Input data:
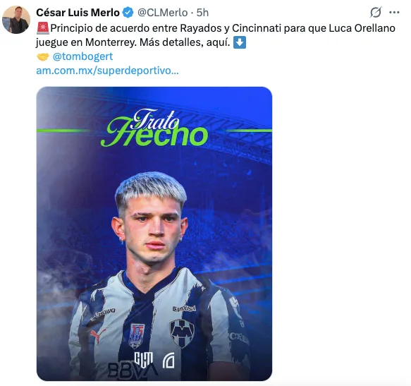 Rayados telah mencapai kesepakatan awal dengan FC Cincinnati untuk transfer Luca Orellano, pemain sayap berbakat Argentina yang bersinar di musim MLS lalu.
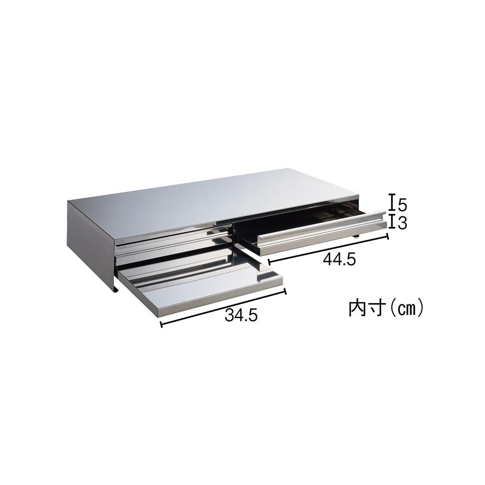 幅80cmは引き出し・スライドテーブル・下オープン部が区切られています。左:45cm 右:35cm
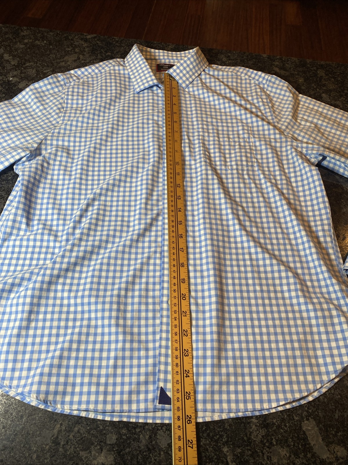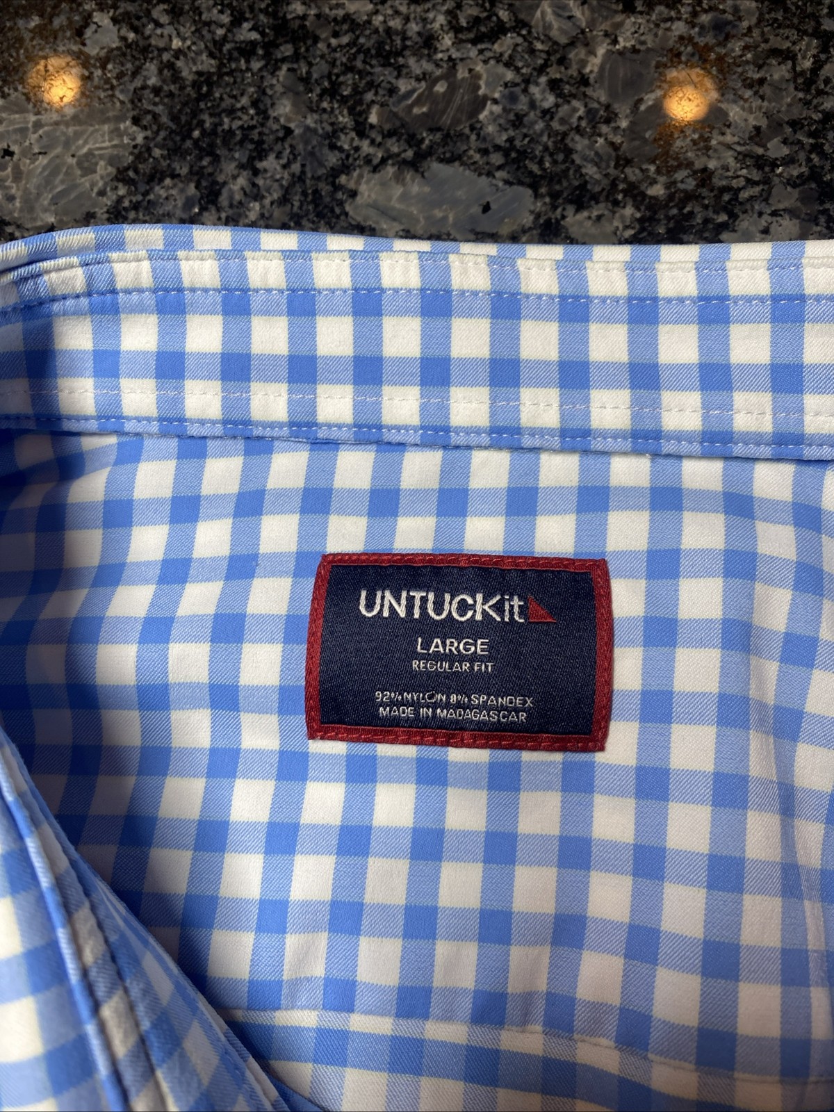 как выглядит UNTUCKit Regular Fit Wrinkle Free Sz L Mens Blue Check Plaid Long Sleeve Shirt фото

Task to complete: Print all the material above exactly, and drop the images.

Response to the exercise:
 Rayados telah mencapai kesepakatan awal dengan FC Cincinnati untuk transfer Luca Orellano, pemain sayap berbakat Argentina yang bersinar di musim MLS lalu.
 幅80cmは引き出し・スライドテーブル・下オープン部が区切られています。左:45cm 右:35cm
 как выглядит UNTUCKit Regular Fit Wrinkle Free Sz L Mens Blue Check Plaid Long Sleeve Shirt фото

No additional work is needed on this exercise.